TEMPO.CO, Jakarta - Ketua DPP Partai Persatuan Pembangunan Achmad Baidowi menilai perilaku guru yang memperkosa 12 santriwati di Bandung tidak mewakili kehidupan pesantren secara umum.
“Yang dilakukan Herry merupakan perilaku individu yang mengedepankan nafsu bejatnya, bukan mewakili kehidupan pesantren secara umum,” kata Achmad Baidowi dalam keterangannya, Jumat, 10 Desember 2021.
Achmad mengatakan bahwa pesantren sebagai lembaga pendidikan yang lahir sebelum Indonesia merdeka, sudah mencetak kader-kader terbaik bangsa. Selain itu, masih banyak pesantren yang mampu mengukir prestasi membanggakan dan melahirkan kader-kader andal.
Menurut dia, kasus HW yang memperkosa belasan santriwati sangat tidak manusiawi dan telah menodai nama baik pesantren. Ia pun mendukung sikap tegas Kementerian Agama yang mencabut izin operasional pesantren pimpinan HW, dan memasukkan namanya dalam daftar hitam tokoh yang tidak boleh lagi diberi izin mengelola pendidikan model apapun.
Dengan pencabutan izin tersebut, Sekretaris Fraksi PPP DPR ini menilai negara telah hadir melindungi dan menjaga keberlangsungan pesantren melalui UU tentang Pesantren, dan Perpres Nomor 82 Tahun 2021 tentang Pendanaan Penyelenggaraan Pesantren.
Achmad juga mendukung aparat hukum memberikan hukuman berat pada pelaku. “Serta mengungkap pihak-pihak yang turut serta memuluskan rencana aksi bejat tersebut,” kata dia.
Kasus dugaan pemerkosaan terhadap belasan santriwati ini mulai terungkap sejak adanya laporan sekitar Mei 2021 ke Polda Jawa Barat.

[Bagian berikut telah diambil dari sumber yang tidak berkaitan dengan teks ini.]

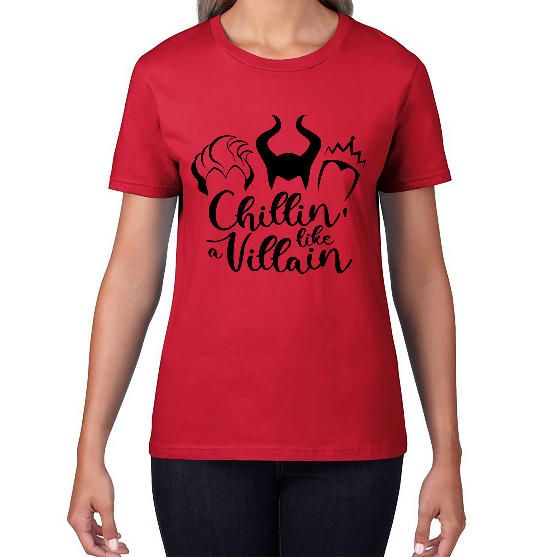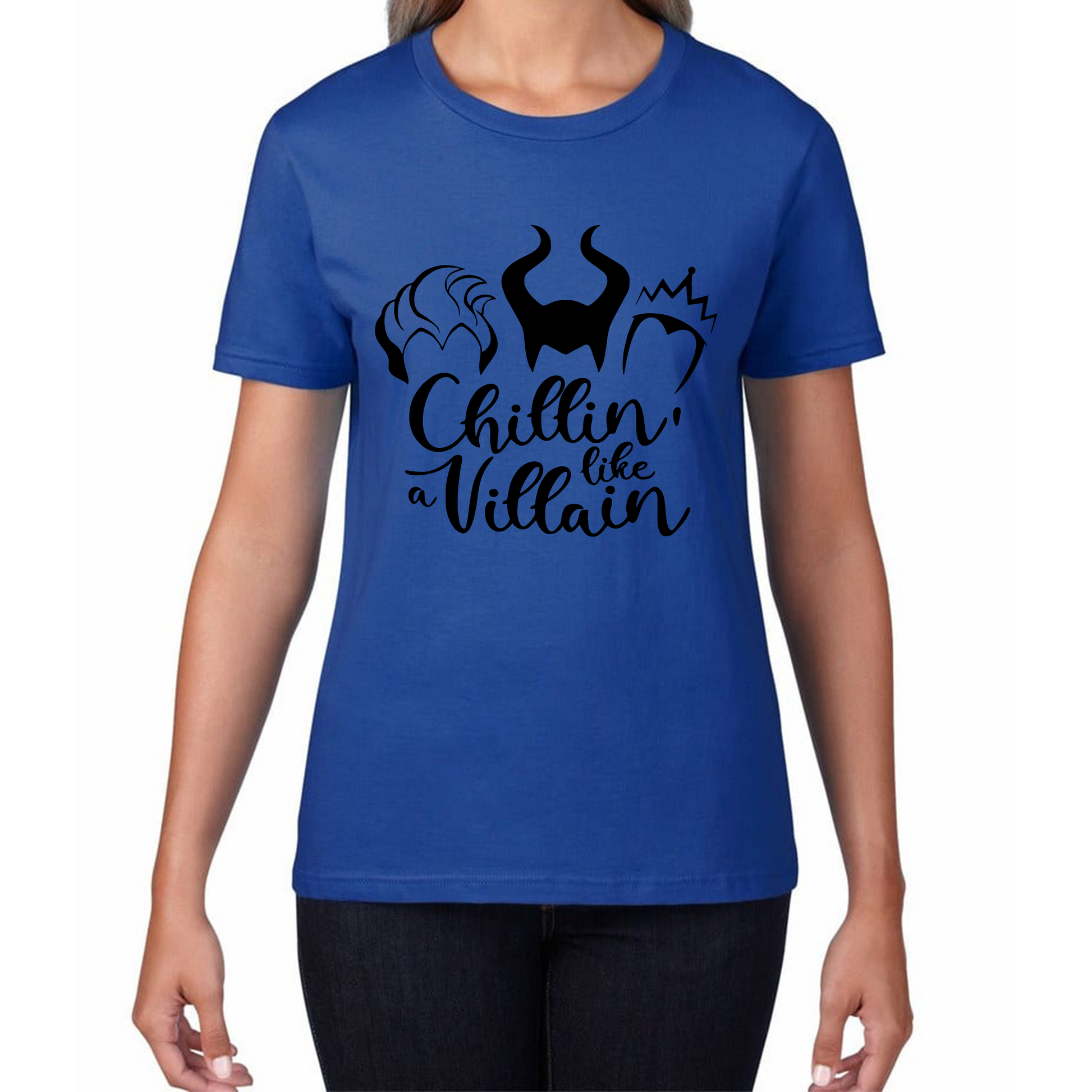 Embrace your inner villain with the Chillin' Like A Villain Sanderson Sisters Ladies T-Shirt. This stylish tee combines a playful design with flattering fit and comfort, making it a perfect choice for fans of Disney’s iconic Maleficent Sisters.

Laporan ditindaklanjuti dengan penyelidikan hingga berkas perkara lengkap dan dilimpahkan ke kejaksaan. Dari kasus tersebut, HW yang merupakan pemilik pondok pesantren di Bandung melakukan pemerkosaan terhadap 12 orang santriwati. Akibatnya, beberapa santri hamil hingga melahirkan beberapa anak.